Le récit a bien des similitudes avec le sexe : les préliminaires rendent fou, l’acte lui-même est un élan vers un sommet sur lequel on se sent souvent bien seul.
Le pitch d’un film est une promesse souvent excitante, et c’est le cas ici : dix ans après la mort de son mari, la veuve sur le point de se remarier reçoit la visite d’un enfant de dix ans qui lui déclare être feu son mari, et lui demande de ne pas refaire sa vie.
Dès le départ, tout fonctionne. L’atmosphère policée et laiteuse des appartements huppés new-yorkais se voit investie d’un malaise guindé par l’irruption de cet enfant à qui on répond par des sourires embarrassés. La photographie accroit cette ambiance mortifère où les personnages semblent fusionner avec leur papier peint et n’être eux-mêmes que des spectres, dévorés par des conventions sociales et un statut auquel personne ne croit vraiment. Avec ses cheveux courts, Nicole Kidman n’a jamais paru aussi étrangère à la race humaine, et elle joue aussi bien que chez Kubrick, auquel le film doit d’ailleurs beaucoup.
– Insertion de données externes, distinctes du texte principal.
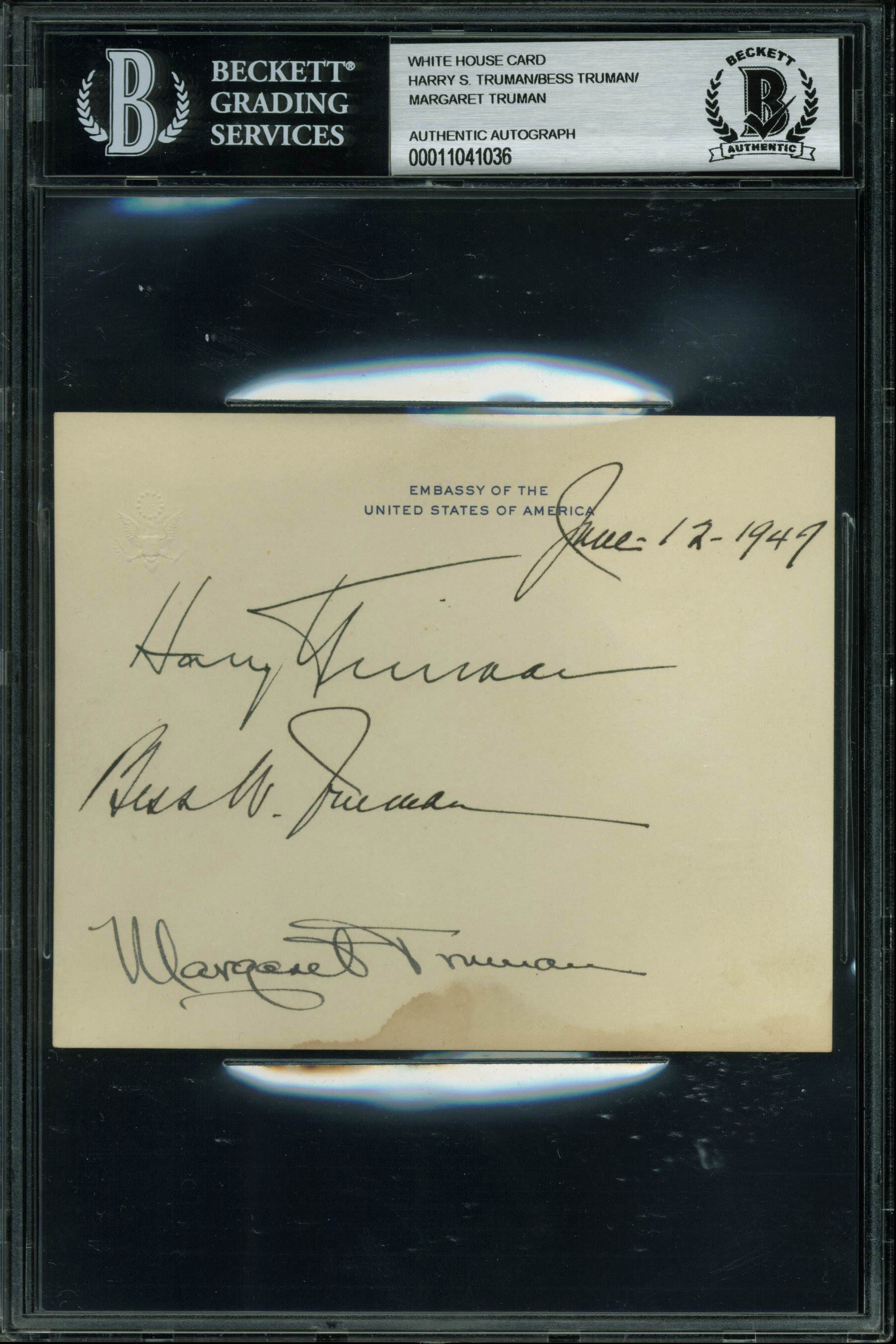 Harry S., Bess & Margaret Truman Signed 4.25x5.25 US Embassy Card BAS Slabbed

Travellings dans les couloirs feutrés, insistance sur les visages et rareté des mots, impuissants face aux enjeux émotionnels, luxuriance de la musique sont autant de citations qui traversent cette œuvre de jeunesse de Glazer qui n’a jamais caché son admiration pour le maitre. Difficile aussi de ne pas penser à Barry Lyndon lors de la scène de déchainement du second mari qui fesse l’enfant lors du concert, tant elle ressemble à celle qui marque le début de la fin pour Barry.
Film d’intérieurs, claustrophobe et anxiogène, Birth fonctionne sur son exploration singulière du deuil et des ravages d’un amour inconditionnel sur les rives de la pédophilie et de l’aliénation passionnelle, porté par l’interprétation intense de Kidman.
Ozon, de temps à autre, ose l’épure et les béances d’un scénario qui ne tenterait pas de tout expliquer : c’est le cas dans ses meilleurs films, « Sous le sable » et le mésestimé « Jeune et jolie ». On se prend à fantasmer sur ce qu’aurait donné la fin de Birth s’il en avait pris les commandes.
Car le dénouement a tout de la fausse couche ici, tentant maladroitement de rationaliser et tamiser l’épaisseur d’un mystère… Ici, Glazer, aidé par JC Carrère, délaisse tout ce qui faisait la saveur poisseuse et déroutante d’Eyes Wide Shut. On pourrait s’arrêter à cette dissonance finale, ou choisir de garder en mémoire toutes les promesses intenses des préliminaires pour y voir la maitrise de celui qui osera s’affranchir de la norme dans son opus suivant, dix ans plus tard, Under the Skin*.